◆ **Stored data**:
---*---
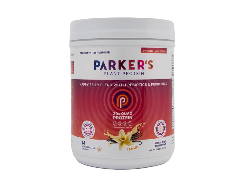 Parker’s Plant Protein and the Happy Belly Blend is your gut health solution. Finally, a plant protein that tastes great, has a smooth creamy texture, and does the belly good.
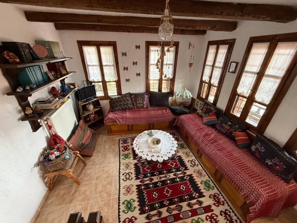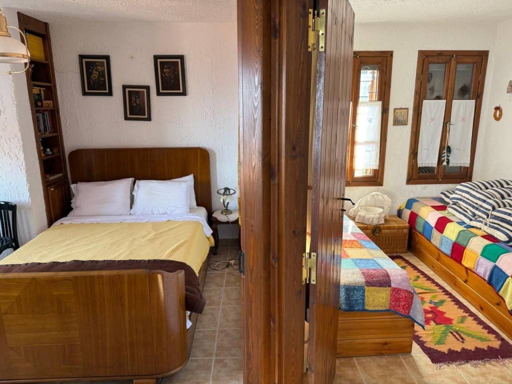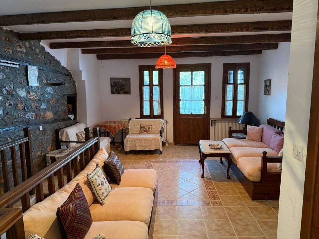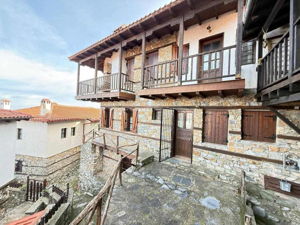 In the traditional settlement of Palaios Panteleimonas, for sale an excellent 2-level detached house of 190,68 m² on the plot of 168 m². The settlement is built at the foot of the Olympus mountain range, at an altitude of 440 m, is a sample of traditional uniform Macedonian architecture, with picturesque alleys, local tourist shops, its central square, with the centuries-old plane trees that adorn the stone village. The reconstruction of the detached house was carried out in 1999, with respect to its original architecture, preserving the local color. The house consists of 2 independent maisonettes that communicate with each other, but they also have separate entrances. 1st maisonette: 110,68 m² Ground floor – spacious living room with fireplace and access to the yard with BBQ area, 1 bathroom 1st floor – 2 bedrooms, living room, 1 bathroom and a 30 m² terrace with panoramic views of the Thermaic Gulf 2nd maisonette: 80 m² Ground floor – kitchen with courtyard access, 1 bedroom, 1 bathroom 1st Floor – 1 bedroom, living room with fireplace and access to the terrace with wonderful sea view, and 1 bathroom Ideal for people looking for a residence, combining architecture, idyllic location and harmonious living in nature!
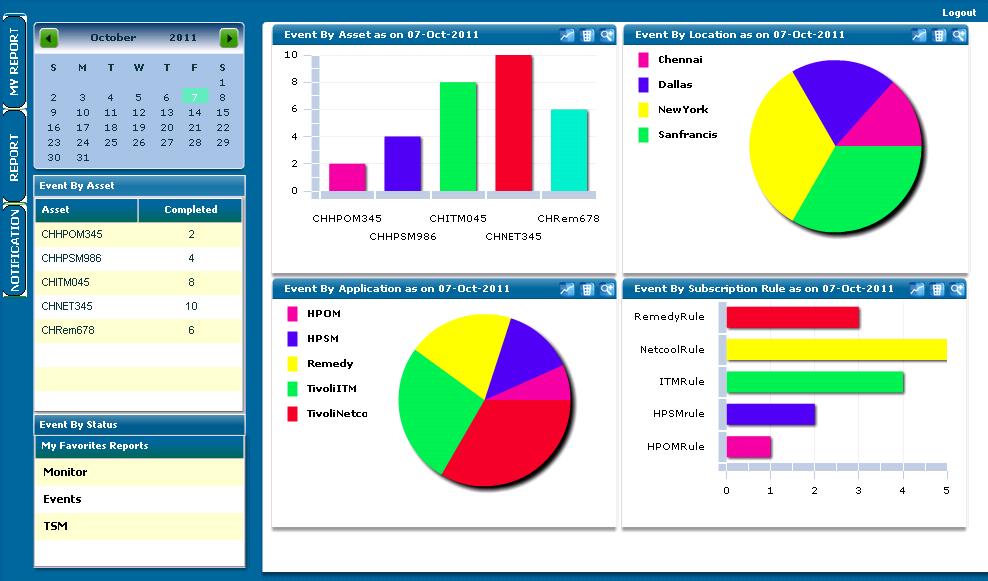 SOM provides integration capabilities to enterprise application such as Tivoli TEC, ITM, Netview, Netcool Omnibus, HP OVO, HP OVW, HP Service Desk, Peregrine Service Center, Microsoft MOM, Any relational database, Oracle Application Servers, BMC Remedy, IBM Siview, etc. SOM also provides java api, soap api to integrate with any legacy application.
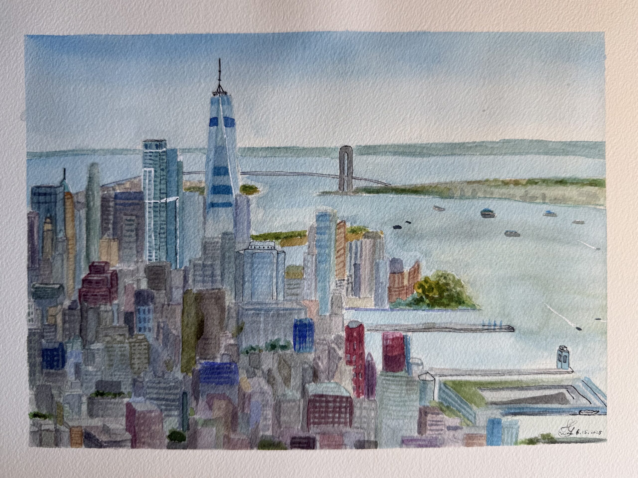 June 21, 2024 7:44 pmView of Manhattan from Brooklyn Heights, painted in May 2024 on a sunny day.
---*---
◆ **Work required**: The material above is to be output exactly, with each picture left out.

◆ **Output for this exercise**:
 Parker’s Plant Protein and the Happy Belly Blend is your gut health solution. Finally, a plant protein that tastes great, has a smooth creamy texture, and does the belly good.
 In the traditional settlement of Palaios Panteleimonas, for sale an excellent 2-level detached house of 190,68 m² on the plot of 168 m². The settlement is built at the foot of the Olympus mountain range, at an altitude of 440 m, is a sample of traditional uniform Macedonian architecture, with picturesque alleys, local tourist shops, its central square, with the centuries-old plane trees that adorn the stone village. The reconstruction of the detached house was carried out in 1999, with respect to its original architecture, preserving the local color. The house consists of 2 independent maisonettes that communicate with each other, but they also have separate entrances. 1st maisonette: 110,68 m² Ground floor – spacious living room with fireplace and access to the yard with BBQ area, 1 bathroom 1st floor – 2 bedrooms, living room, 1 bathroom and a 30 m² terrace with panoramic views of the Thermaic Gulf 2nd maisonette: 80 m² Ground floor – kitchen with courtyard access, 1 bedroom, 1 bathroom 1st Floor – 1 bedroom, living room with fireplace and access to the terrace with wonderful sea view, and 1 bathroom Ideal for people looking for a residence, combining architecture, idyllic location and harmonious living in nature!
 SOM provides integration capabilities to enterprise application such as Tivoli TEC, ITM, Netview, Netcool Omnibus, HP OVO, HP OVW, HP Service Desk, Peregrine Service Center, Microsoft MOM, Any relational database, Oracle Application Servers, BMC Remedy, IBM Siview, etc. SOM also provides java api, soap api to integrate with any legacy application.
 June 21, 2024 7:44 pmView of Manhattan from Brooklyn Heights, painted in May 2024 on a sunny day.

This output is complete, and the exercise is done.